I have two options: Break these keywords into separate ad groups. Focus on the one that looks more promising and watch the numbers. You may later decide to break out these keywords into different ad groups if the one you didn’t focus on is underperforming. I’m a fan of highly specific ad groups from the start, but that is not time-efficient. Waiting and watching how the numbers play out helps you focus your time on tasks that have the greatest impact.

Define site links and other extensions: Now you have campaigns, ad groups, keywords, URLs, and ads. The next step is to define pages on your website that are complimentary to your ads. These will be your site links, which appear underneath your ad copy when your ad is shown in the top positions. If your ad is about lease deals on new Honda accords, for example, a page about lease work would make a nice site link. Other commonly used extensions are phone numbers and locations. Use as many extensions as you can. Google will display them randomly when it’s most advantageous to do so.

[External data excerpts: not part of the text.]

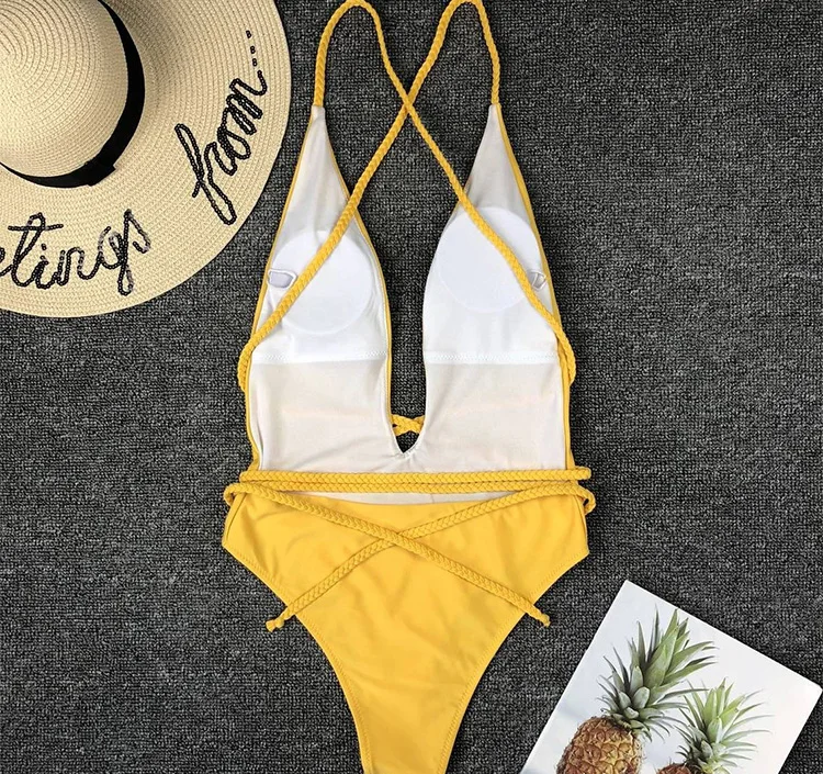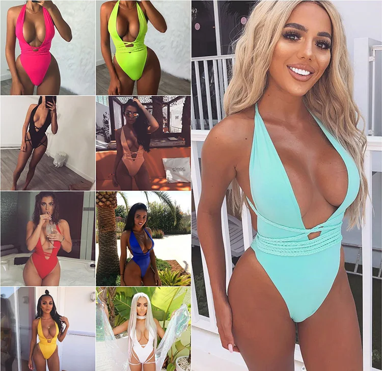 Цельные боди, бикини с лямкой на шее, однотонный купальный костюм, женский сексуальный купальник со шнуровкой, купальники, женские бикини
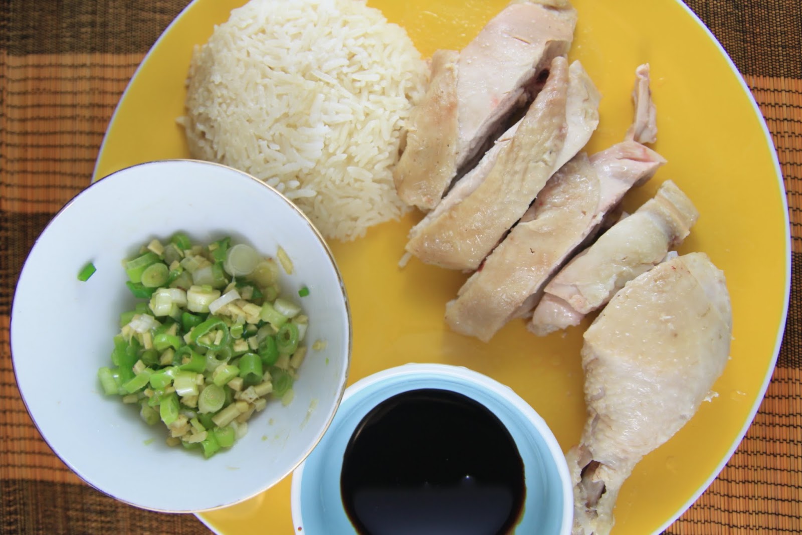 Hainanese Chicken Rice Cơm Ga Hải Nam Plated Palate - The chicken is poached and then the rice cooked in the broth.
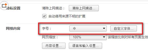 步骤三:进入高级设置后,就可以看到一个网页内容,字号的设置,我们可以选择其中的默认的“极小、小、中、大、极大”。
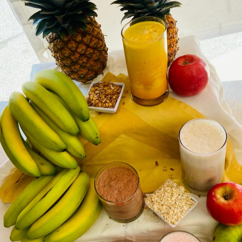 Naranja, apio, espinaca, nopal, piña y perejil.
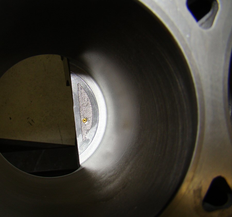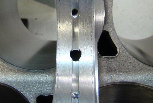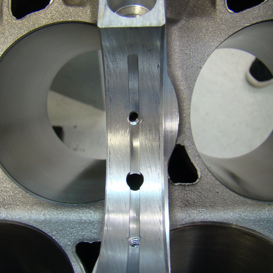 My new block has been machined for proper piston squirters that incorporate brass nozzles.  The supply holes are much smaller.  Engine builder Dave Rebello said that factory Noble blocks crack at the squirter holes when the boost is turned way up.
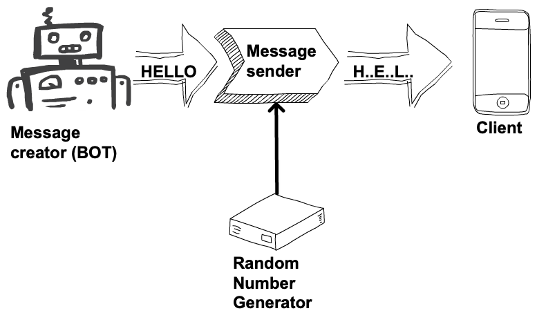 So, to answer the original challenge, let’s set strict scope. Do we want to actually prove the distribution of random numbers? Is the delay different for different types of messages? Or do we just want to prove that given some message the appropriate delays get inserted between letters? Let’s focus on on the message sender itself for this feature. The “bot” part is actually out of scope, as is the original message from a user. The random number generator is also out of scope.
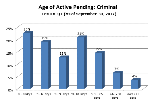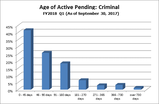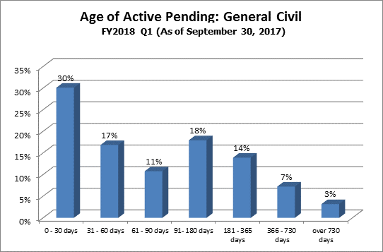 How it is measured: Case pending age is measured from the time of filing to the time of measurement. Only active cases (cases in which the court is able to proceed) are included in this measure.
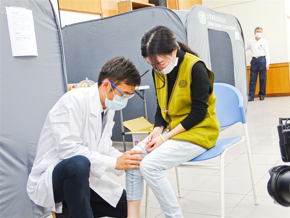 為了守護志工們的健康,十五日的義診當天,在問診前需先量測體溫,如有異常,門口還設置流感篩檢區,由楊雅倫護理長立即檢測。而慈濟人醫會藥師林進財與周玲娟也熱血相挺,依照醫囑配好藥物,一條龍的服務為志工們及時解病痛。
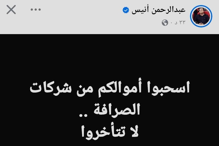 وفي هذا السياق، أثار الصحفي عبد الرحمن أنيس جدلًا واسعًا بعد دعوته العلنية للمواطنين إلى سحب أموالهم من شركات الصرافة، محذرًا من تأخر قد يضع المدخرات في دائرة الخطر، وهو ما انعكس سريعًا على سلوك المتعاملين، حيث لوحظ تزايد الإقبال على سحب الودائع بشكل لافت في بعض المناطق.
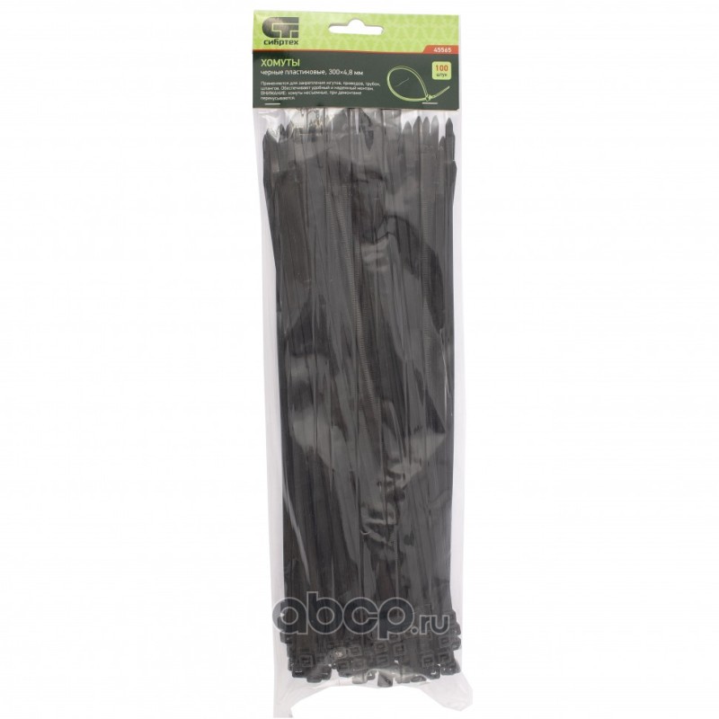 Хомуты, 300 x 4.8 мм, пластиковые, черные, 100 шт Сибртех
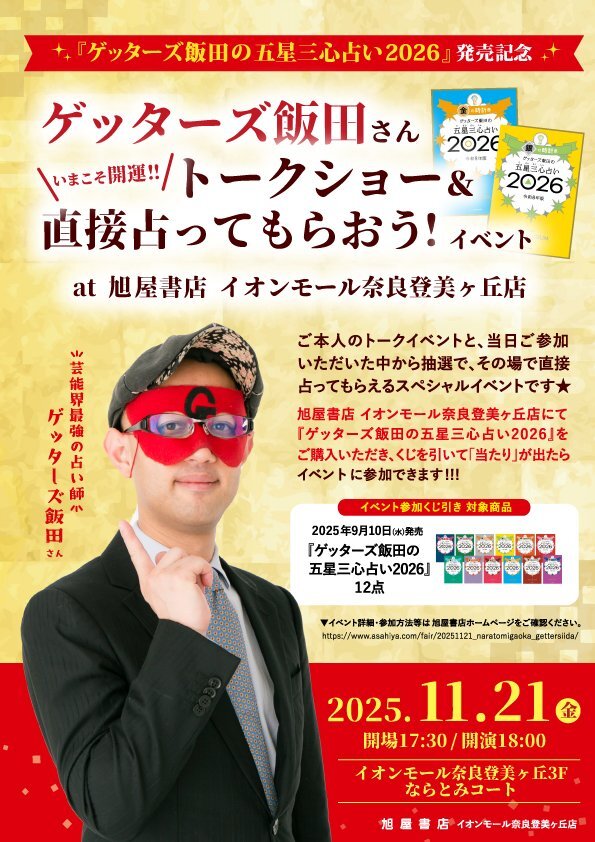ゲッターズ飯田の五星三心占い2026発売記念 いまこそ開運‼「ゲッターズ飯田さんトークショー&直接占ってもらおう」イベント at 旭屋書店イオンモール奈良登美ヶ丘店 開催決定いたしました!! 詳細は旭屋書店HPをご確認くださいませ。
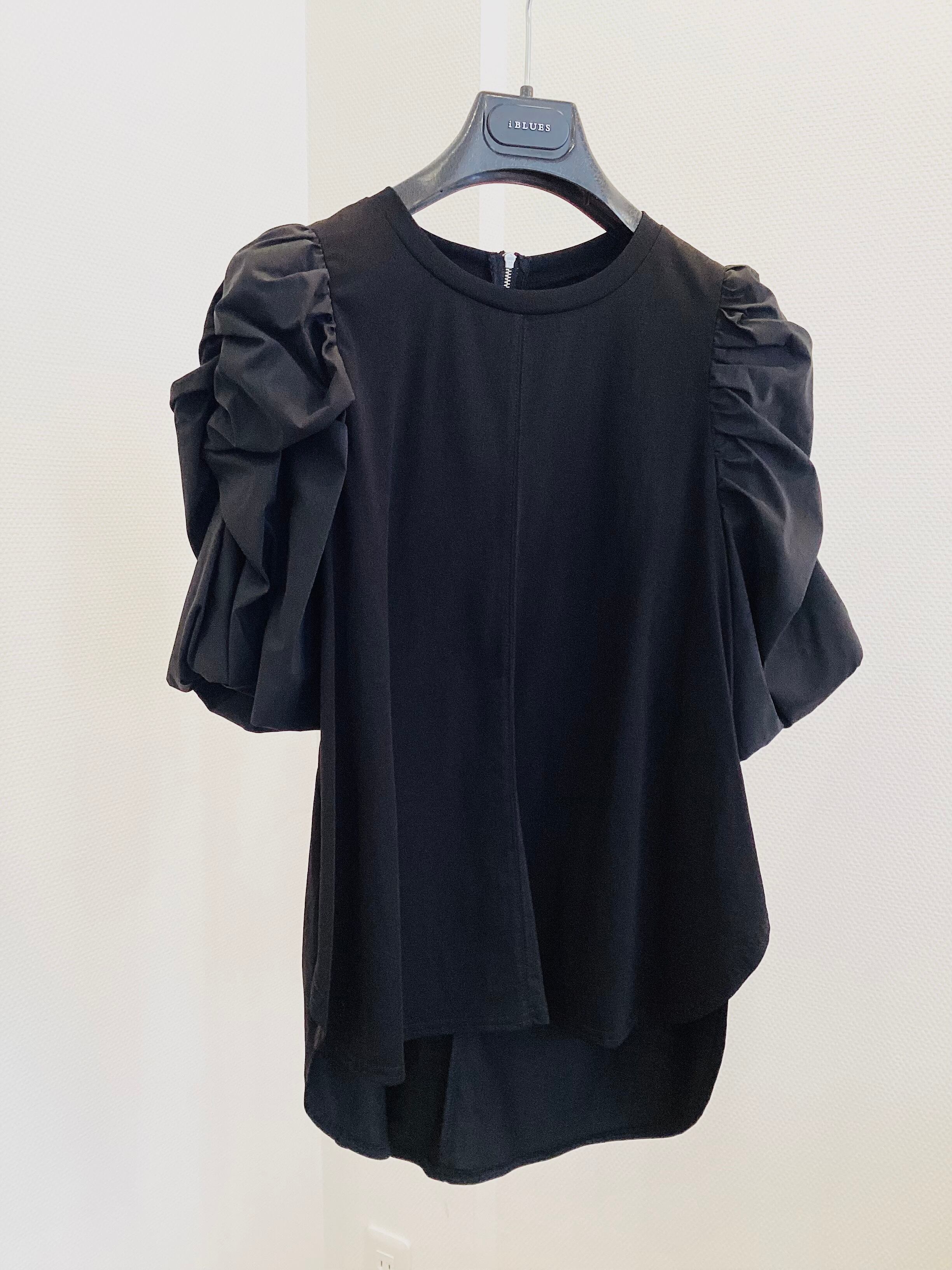 5分袖の袖丈と身頃カット地がポイントのアイテム♪
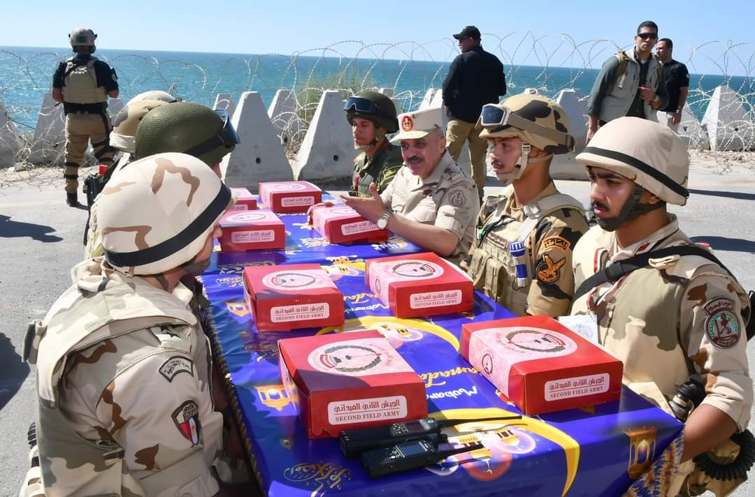 قام الفريق أحمد خليفة، رئيس أركان حرب القوات المسلحة، بمشاركة المقاتلين تناول وجبة الغداء داخل إحدى نقاط خط الحدود الدولية.
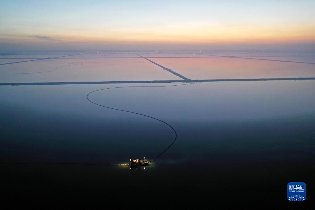2月2日,在青海省海西蒙古族藏族自治州的察爾汗鹽湖,一艘錨船在晨光中工作(無人機(jī)照片)。一名水采船船長通常負(fù)責(zé)管理兩個(gè)采收小隊(duì),采收小隊(duì)由一艘水采船、一艘工作船、一艘錨船組成。新華社記者 才揚(yáng) 攝
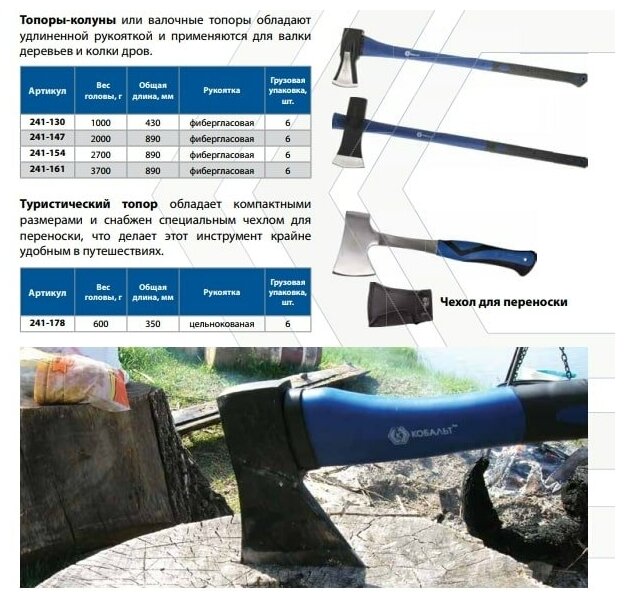 Топор кобальт -колун 2000г, "Ушастый", фибергласовая рукоятка 241-147
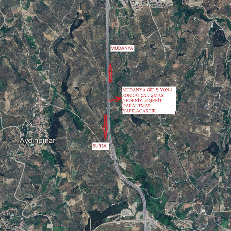 Bursa Büyükşehir Belediyesi Ulaşım Dairesi Başkanlığı tarafından yürütülen, Bursa- Mudanya Karayolu altyapısının iyileştirilmesi çalışmaları kapsamında Deprem ve Zemin İnceleme Şube Müdürlüğü tarafından yapılacak zemin etüdü ve sondaj çalışmaları nedeniyle 27 Mayıs 2025 – 20 Haziran 2025 tarihleri arasında Bursa-Mudanya Karayolu Aydınpınar mevkiinde ve Mudanya gidiş yönünde yolun en sağ şeridinde daraltma yapılacaktır.
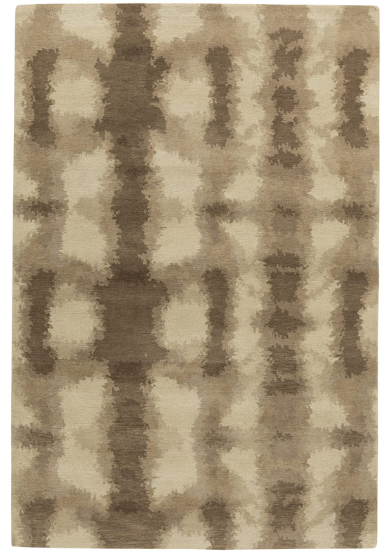 An amorphous pattern of taupes and beige is displayed in this 4x6 wool sample rug from India. A beautiful mix of neutral brown tones are woven into a shibori style pattern, making this a design that will coordinate with many design styles. This rug is hand knotted of Himalayan wool and made with our Shakti Weave which has a pile height under one half inch.
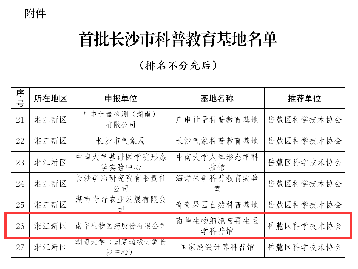 2024年2月1日,長沙市科學(xué)技術(shù)協(xié)會(huì)發(fā)布《關(guān)于認(rèn)定首批長沙市科普教育基地的通知》,南華生物細(xì)胞與再生醫(yī)學(xué)科普館獲評(píng)長沙市首批科普教育基地。

Get the technical details in order:

The technical details to address before launching your PPC campaigns are:

  • Conversion tracking.
  • Linking Google Analytics to Google AdWords.
  • Setting up a Google Analytics dashboard that emails you daily.

If you have your Analytics linked to AdWords, you can create a dashboard in Google Analytics that sends you a nice PDF with some key AdWords metrics. You could also set up reporting through AdWords, but then you still have to click on a link and log in to AdWords to see the report. Metrics you’ll want to watch include CPC, CTR, impressions, bounce rate from PPC traffic and conversions from PPC.

Preview ads: AdWords will walk you through the process of setting up your campaigns, ad groups and ads. But there is one important step that AdWords doesn’t force you through ad preview. Once you turn your campaigns on, use the Ad Preview and Diagnosis tool to see how things look in context. Do not do a live search in Google for your own ads. That impacts your click-through rate by generating impressions with no corresponding clicks. Lower click-through rates raise your costs.

Review Search Terms Report: Once your ads are live, review the search terms report weekly. This report tells you what terms triggered your ads. If you see terms that are irrelevant, add those keywords to your negative keywords for that ad group or campaign as appropriate. Do you feel ready to move from a PPC beginner to a PPC expert? If you use this guide and checklist to set up your first campaign, come back and let me know what challenges you faced along the way!